TASK OBJECTIVE: Would you retype exactly the lines below, starting with the one that has "Nepenthes rajah is" and going on through the one that has "Несколько десятков человек", with no pictures and nothing else?

MATERIAL SHOWN:
■ ■ ■ ■ ■ ■ ■

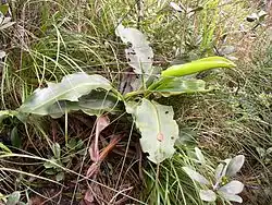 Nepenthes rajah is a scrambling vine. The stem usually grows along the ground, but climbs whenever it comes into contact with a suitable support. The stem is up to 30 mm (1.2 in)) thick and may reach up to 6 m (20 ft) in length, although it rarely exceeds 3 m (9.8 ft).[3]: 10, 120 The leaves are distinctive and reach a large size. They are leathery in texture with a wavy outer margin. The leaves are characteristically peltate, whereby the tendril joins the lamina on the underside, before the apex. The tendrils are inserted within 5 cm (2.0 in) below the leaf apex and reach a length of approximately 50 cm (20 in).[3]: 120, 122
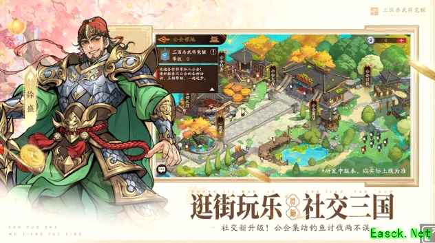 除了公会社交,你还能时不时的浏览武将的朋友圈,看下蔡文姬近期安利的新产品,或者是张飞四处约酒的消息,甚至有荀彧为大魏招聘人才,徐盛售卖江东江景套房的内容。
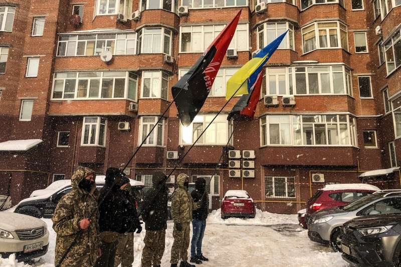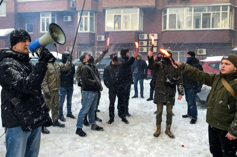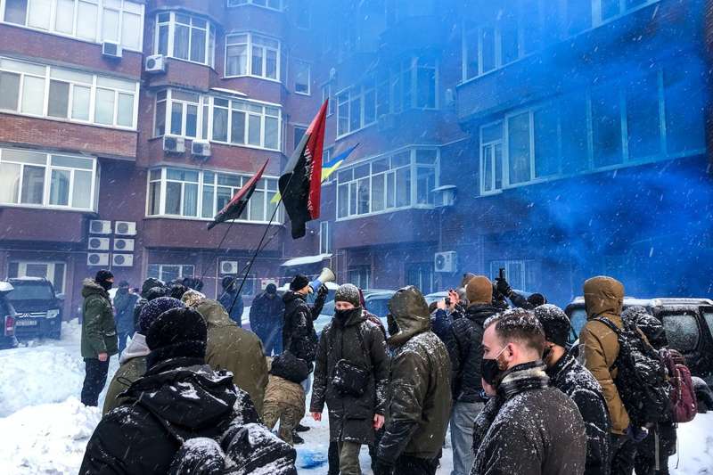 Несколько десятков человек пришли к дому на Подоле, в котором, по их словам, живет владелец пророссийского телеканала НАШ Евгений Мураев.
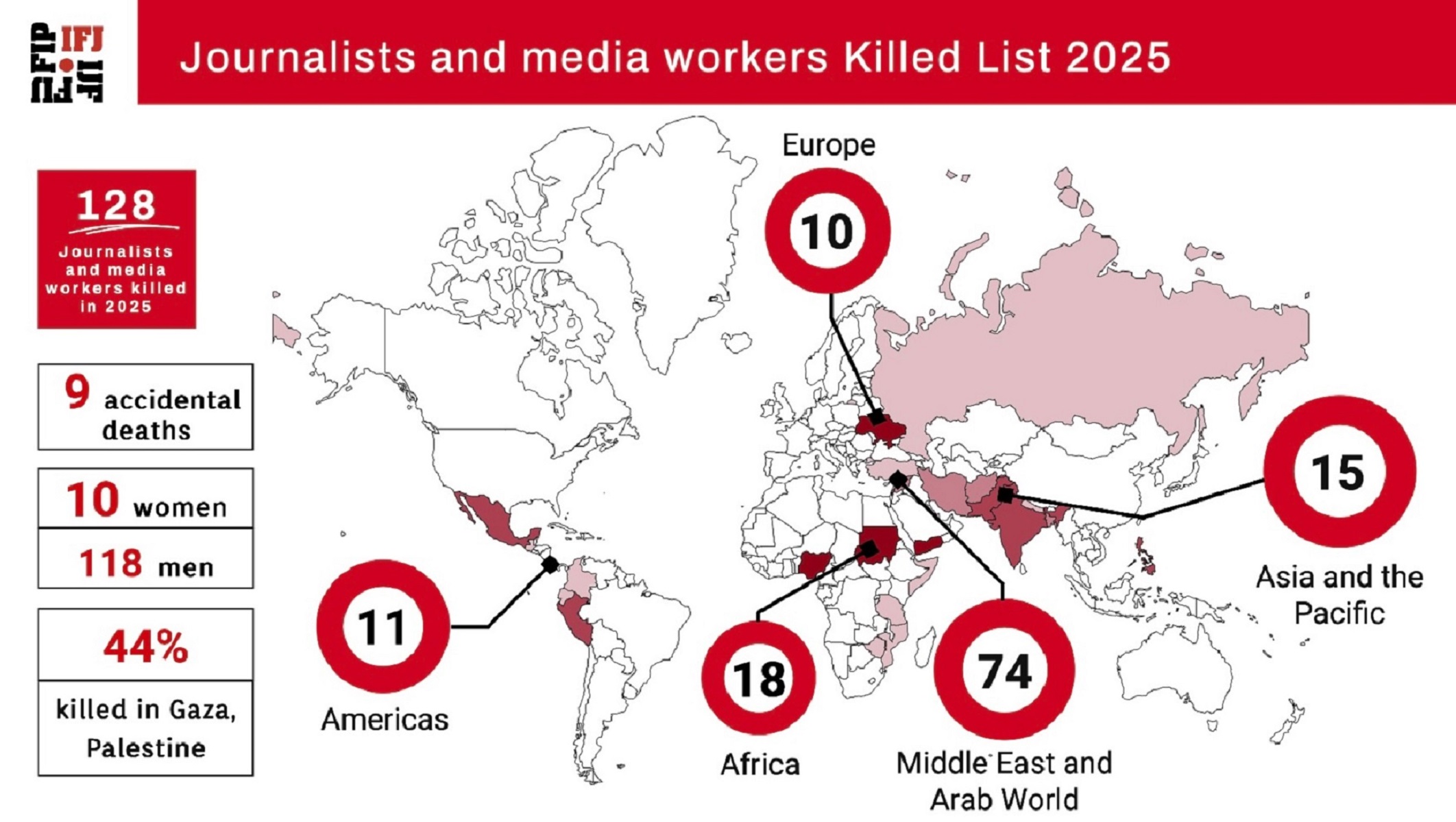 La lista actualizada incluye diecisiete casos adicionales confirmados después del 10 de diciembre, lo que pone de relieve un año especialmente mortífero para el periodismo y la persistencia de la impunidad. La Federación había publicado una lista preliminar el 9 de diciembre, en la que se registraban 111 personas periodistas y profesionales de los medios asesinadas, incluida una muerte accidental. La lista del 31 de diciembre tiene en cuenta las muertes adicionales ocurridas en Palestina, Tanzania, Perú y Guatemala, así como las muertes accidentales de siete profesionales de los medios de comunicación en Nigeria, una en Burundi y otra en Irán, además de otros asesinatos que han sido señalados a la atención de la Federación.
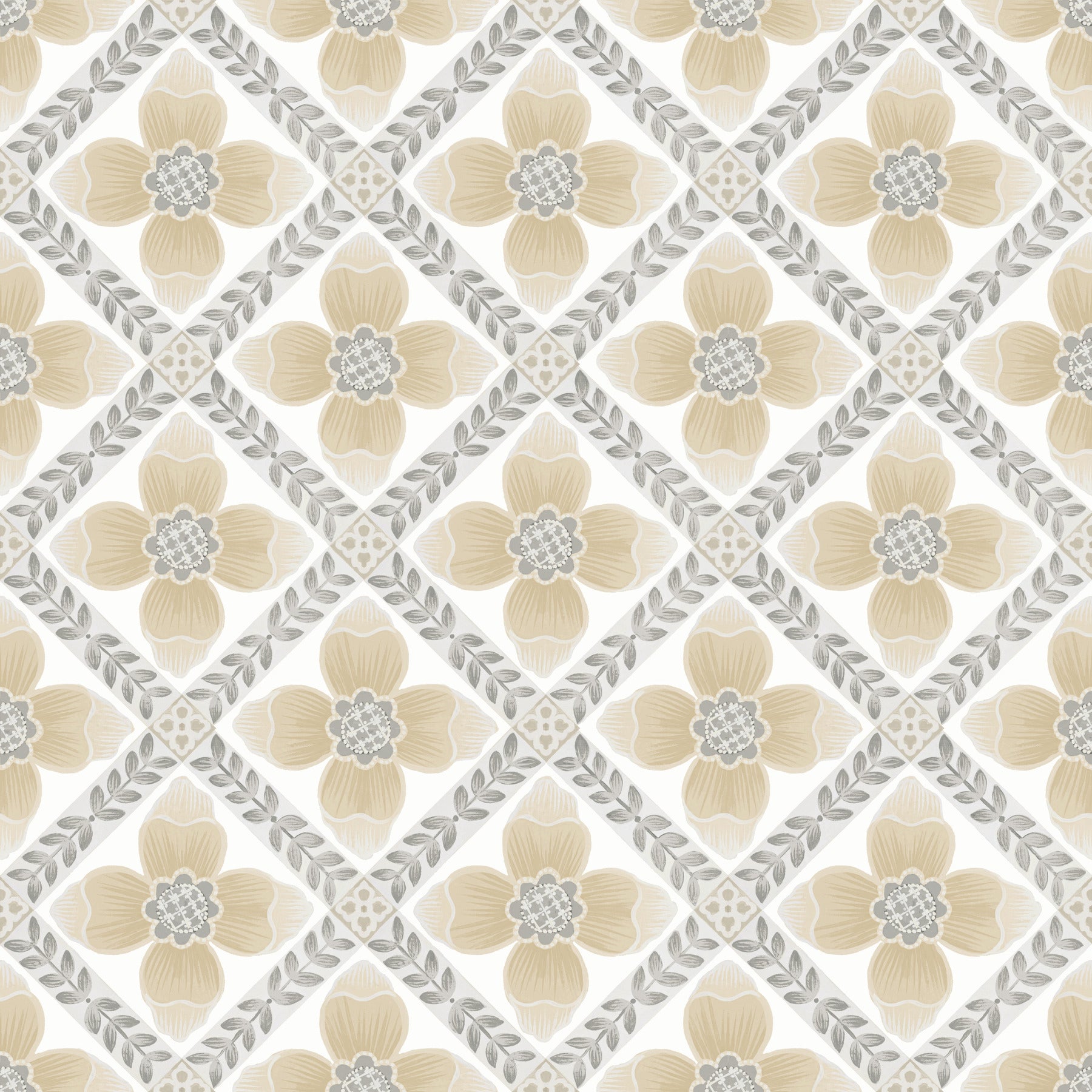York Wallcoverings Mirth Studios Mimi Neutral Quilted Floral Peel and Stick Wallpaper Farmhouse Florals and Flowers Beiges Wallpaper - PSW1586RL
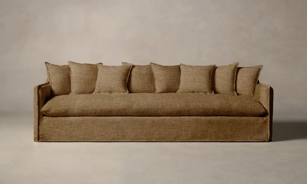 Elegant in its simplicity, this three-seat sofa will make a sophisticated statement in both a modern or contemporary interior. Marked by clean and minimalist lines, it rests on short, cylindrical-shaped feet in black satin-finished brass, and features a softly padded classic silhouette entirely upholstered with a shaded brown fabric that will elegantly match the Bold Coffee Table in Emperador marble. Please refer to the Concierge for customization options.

■ ■ ■ ■ ■ ■ ■

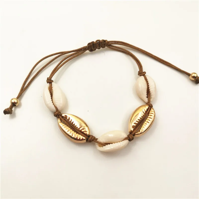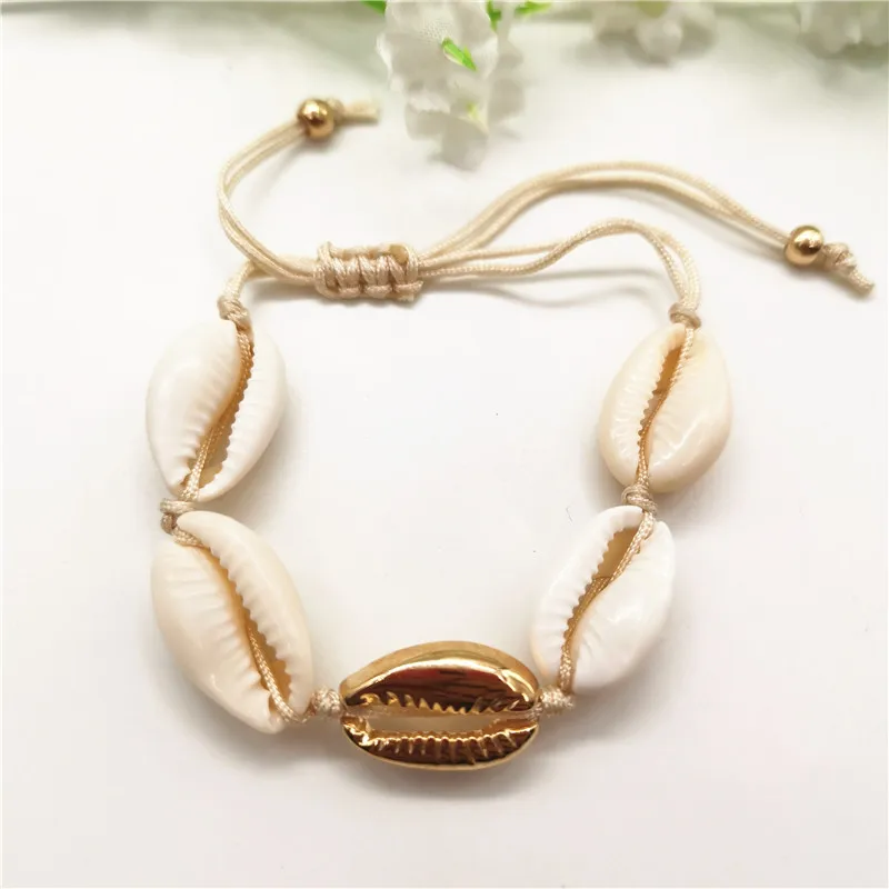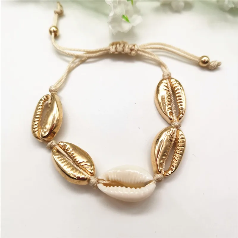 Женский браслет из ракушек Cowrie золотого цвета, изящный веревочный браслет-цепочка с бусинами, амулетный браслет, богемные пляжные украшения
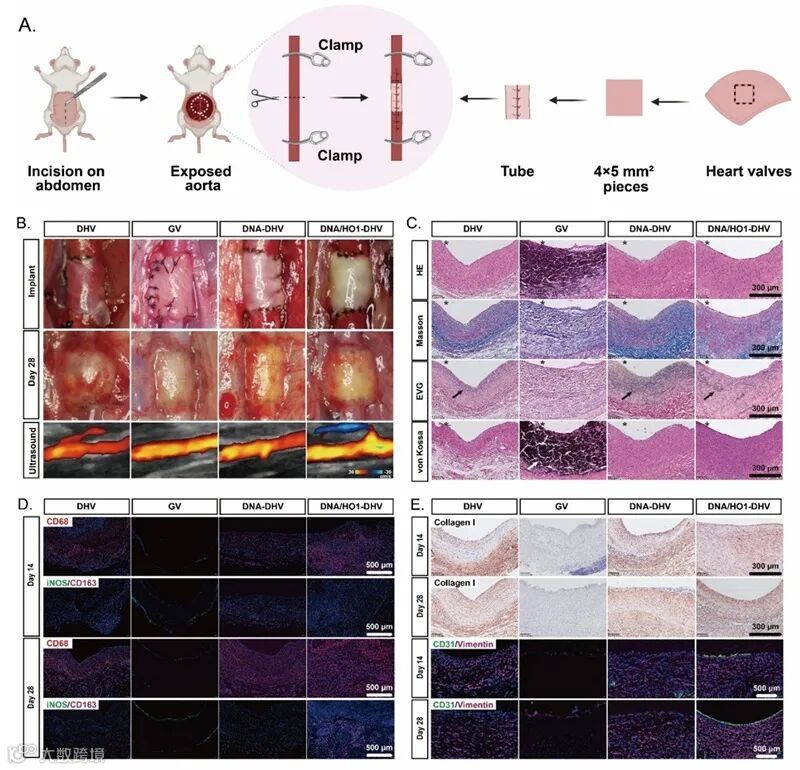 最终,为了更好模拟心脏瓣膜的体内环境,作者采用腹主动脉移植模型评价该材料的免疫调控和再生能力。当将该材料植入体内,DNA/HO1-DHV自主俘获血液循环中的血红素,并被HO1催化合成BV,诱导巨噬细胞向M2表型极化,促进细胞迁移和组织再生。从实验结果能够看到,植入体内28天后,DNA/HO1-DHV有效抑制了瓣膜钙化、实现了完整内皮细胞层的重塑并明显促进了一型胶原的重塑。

■ ■ ■ ■ ■ ■ ■

PROBLEM SOLUTION:
 Nepenthes rajah is a scrambling vine. The stem usually grows along the ground, but climbs whenever it comes into contact with a suitable support. The stem is up to 30 mm (1.2 in)) thick and may reach up to 6 m (20 ft) in length, although it rarely exceeds 3 m (9.8 ft).[3]: 10, 120 The leaves are distinctive and reach a large size. They are leathery in texture with a wavy outer margin. The leaves are characteristically peltate, whereby the tendril joins the lamina on the underside, before the apex. The tendrils are inserted within 5 cm (2.0 in) below the leaf apex and reach a length of approximately 50 cm (20 in).[3]: 120, 122
 除了公会社交,你还能时不时的浏览武将的朋友圈,看下蔡文姬近期安利的新产品,或者是张飞四处约酒的消息,甚至有荀彧为大魏招聘人才,徐盛售卖江东江景套房的内容。
 Несколько десятков человек пришли к дому на Подоле, в котором, по их словам, живет владелец пророссийского телеканала НАШ Евгений Мураев.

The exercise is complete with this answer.